İnsanların banka kapılarında beklemesinin amacı “zevk” midir acaba, ya da “biraz da burada zaman yitireyim” demek için midir?

Kesin borcu vardır, gecikmesi vardır, zorlanması vardır… Biraz önünü görebilmek, biraz uzatabilmek, bankaya “istemese de” biraz daha tutsak olmak için oradadır!

Yaz aylarında, “iktidarın” piyasayı canlandırmak için altı ay ödemesiz açtırdığı, açarken de gürültü kopararak anlattığı/ deniz kıyılarını canlandırdığı/ patronları sevindirdiği “ucuz kredilerin” ödemeleri geldi/ çattı!

“Kurtuluş umuduyla” dar gelirlinin, emekçinin, esnafın, emeklinin, asgari ücretlinin eline “o dönemde” ilkyaz güzelliğiyle gelen kredinin dönüşleri geldi-çattı!

Dar gelirlinin, emekçinin, esnafın, emeklinin, asgari ücretlinin “altı aydır” hiçbir yönüyle durumu iyileşmedi/ gelirinde artış olmadı/ esnafın yüzü gülmedi/ emekliye destek yapılmadı/ asgari ücretli çalışma koşulları iyileşmedi ki, hem borcunu ödesin, hem de geçimini sağlasın…

Bir “maske, sosyal aralık, temizlik” olunca sorun çözülüyor sanki…

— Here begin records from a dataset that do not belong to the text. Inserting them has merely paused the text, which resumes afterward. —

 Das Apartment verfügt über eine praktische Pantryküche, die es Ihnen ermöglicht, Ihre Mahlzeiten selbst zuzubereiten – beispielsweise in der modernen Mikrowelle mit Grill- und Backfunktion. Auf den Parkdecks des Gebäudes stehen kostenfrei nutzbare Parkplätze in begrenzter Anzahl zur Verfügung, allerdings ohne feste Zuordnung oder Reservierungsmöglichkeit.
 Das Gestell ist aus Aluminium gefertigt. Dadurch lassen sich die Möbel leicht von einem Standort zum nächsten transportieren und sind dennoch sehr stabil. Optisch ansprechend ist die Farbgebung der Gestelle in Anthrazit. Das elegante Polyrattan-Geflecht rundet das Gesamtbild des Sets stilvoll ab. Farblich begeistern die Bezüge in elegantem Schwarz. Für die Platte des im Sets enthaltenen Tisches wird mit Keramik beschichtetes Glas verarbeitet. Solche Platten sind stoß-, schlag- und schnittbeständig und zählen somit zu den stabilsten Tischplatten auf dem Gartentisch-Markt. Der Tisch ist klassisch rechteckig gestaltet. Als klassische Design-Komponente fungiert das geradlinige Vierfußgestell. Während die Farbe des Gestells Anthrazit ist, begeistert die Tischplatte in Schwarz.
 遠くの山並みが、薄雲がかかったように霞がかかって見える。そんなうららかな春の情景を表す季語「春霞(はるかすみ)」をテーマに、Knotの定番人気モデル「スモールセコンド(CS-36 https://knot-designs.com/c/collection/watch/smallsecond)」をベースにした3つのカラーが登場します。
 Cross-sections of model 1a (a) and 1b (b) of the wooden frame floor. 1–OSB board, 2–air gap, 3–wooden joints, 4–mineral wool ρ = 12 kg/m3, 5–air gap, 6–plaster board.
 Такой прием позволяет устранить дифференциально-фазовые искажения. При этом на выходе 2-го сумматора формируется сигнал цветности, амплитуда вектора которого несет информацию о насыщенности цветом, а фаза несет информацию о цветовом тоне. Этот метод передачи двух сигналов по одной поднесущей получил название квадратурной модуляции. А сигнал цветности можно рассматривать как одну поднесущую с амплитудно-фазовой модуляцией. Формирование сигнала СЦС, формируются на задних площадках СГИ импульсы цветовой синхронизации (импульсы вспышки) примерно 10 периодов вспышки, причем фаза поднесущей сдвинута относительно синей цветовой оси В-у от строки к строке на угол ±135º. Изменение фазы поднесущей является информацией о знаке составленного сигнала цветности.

Yaşamın ekonomisi, yaşamın geçimi, yaşamın doyumu…

***

Dün asgari ücret için üçüncü kez toplandılar…

Her yıl aralık ayında işverenler, işçi sendikaları, hükümet üyelerinden oluşan kurul “asgari ücreti” belirlemek için bir araya gelirler! Nasıl oluyorsa, hiçbir zaman “işçi sendikalarının” önerileri dikkate alınmadan, işveren/ hükümet üyelerinin “uygun bulduğu” rakam benimsenir!

Aslında dikkate alınacak bir sürü “ölçüt” vardır, asgari ücretin oluşturulmasında; yurttaş beslenmesinden, dinlenmesine varana değin birçok konuda zorlanmayacaktır, karşılama gücü olabilecektir…

Şu an DİSK’in önerdiği üçbinsekizyüz lira bile, bugünkü koşullarda yeterli olamayacağı bilinmesine karşın; üçbin liranın da “zor” olacağı konuşuluyor!

İlk iki toplantıda “temenni” ağırlıklı konuşmalar yapıldı, “emekçimizin yaşamını kolaylaştıracak en iyi rakam verilecek” diyen olmadı!

Dünkü toplantıda TÜİK, ikibinsekizyüz liraya yakın bir öneride bulundu!

Dördüncü toplantıda verecekleri karar ne olacaksa artık, “patronun ekonomisini” korumak için ne yapacaklarsa artık, asgari ücretlinin maaşını artırmadıkça “piyasanız” canlanmasını nasıl sağlayacaklarsa artık…

Sistem, kendi çarpık/ hakça olmayan bölüşümünü nasıl koruyacaksa artık…

***

Televizyonda bir/ iki kanal dışında yurttaşın geçimini/ doyumunu/ asgari ücret-emekli maaşı konularını dile getirmek istemiyor bile; varsa/ yoksa konuşulması gereken covid 19…

Yurttaşın ekonomi ile covid 19 “önceliği” yarı/ yarıya, sözüm ona iki katı!

Asgari ücreti, emekli maaşını bir yana bırakıp covid 19 için “aşı” konuşuluyor!

Bir de şimdi “mutasyon” olayı çıktı; kurtul kurtulabilirsen artık oluşturulmak istenen korkudan!

“Korku” diyorum; ilaç firmaların kaygısı, “aşı kullanım” oranının düşüklüğü… Bunun için de “yeni korkular” üretilmeye başlandı!

Biliyor musunuz, yurttaşı “önceliği” ekonomi olmayı sürdürecek; nedeni ekonomik gücü olan kurtulacak!